From the following line, we can see that it reads the file specified.

read(3, "root:x:0:0::/root:/bin/bash\nnobo"..., 131072) = 2236
...

~ > du -sb /etc/passwd
2236    /etc/passwd

And the file size is also in the read syscall. We can also see the write call with the same file size to the stdout.

I learned man page sections and what the page numbers mean. Check man 2 syscalls to get a list of system calls.

Every system calls has a number.
You can call it using syscall(n) where n is the syscall number.

System calls

Interfaces for process to call into the OS/kernel.
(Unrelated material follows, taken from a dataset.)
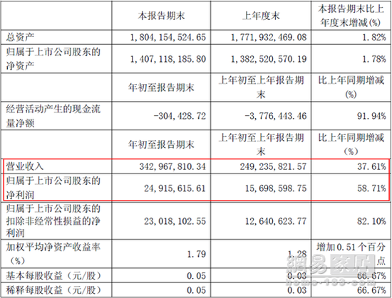 曲美家居集团股份有限公司2017年第一季度报告数据显示,报告期内,曲美家居营业收入3.43亿元,同比增长37.61%;净利润2491.56万元,同比增长58.71%。报告解释,净利润增长主要系同期销售收入增长所致。

There are over 300 syscalls in Linux.

Signals

A way for OS/kernel to call back into the process.

Signals will pause the process execution and invoke the handler, if custom handler is not defined in the process, then it will call the default action.

SIGKILL (signal 9) and SIGSTOP (signal 19) (this backgrounds the process) cannot be handled.

check man 7 signal or kill -l to see all the signals.

Shared memory

Memory to be shared with other processes.
The file system is at /dev/shm, here you can create the files and mmap it from different processes.

It requires system calls to establish, but once established, communication happens without system calls.

It seems like this /dev/shm thing is related to tmpfs. I looked up info on how to create and manually use it in C, but I can't really find any info on it.

Process Termination

2 ways to terminate

  1. receiving un-handled signal
  2. calling exit() syscall.

Process will remain in zombie state until the parent process wait() on it.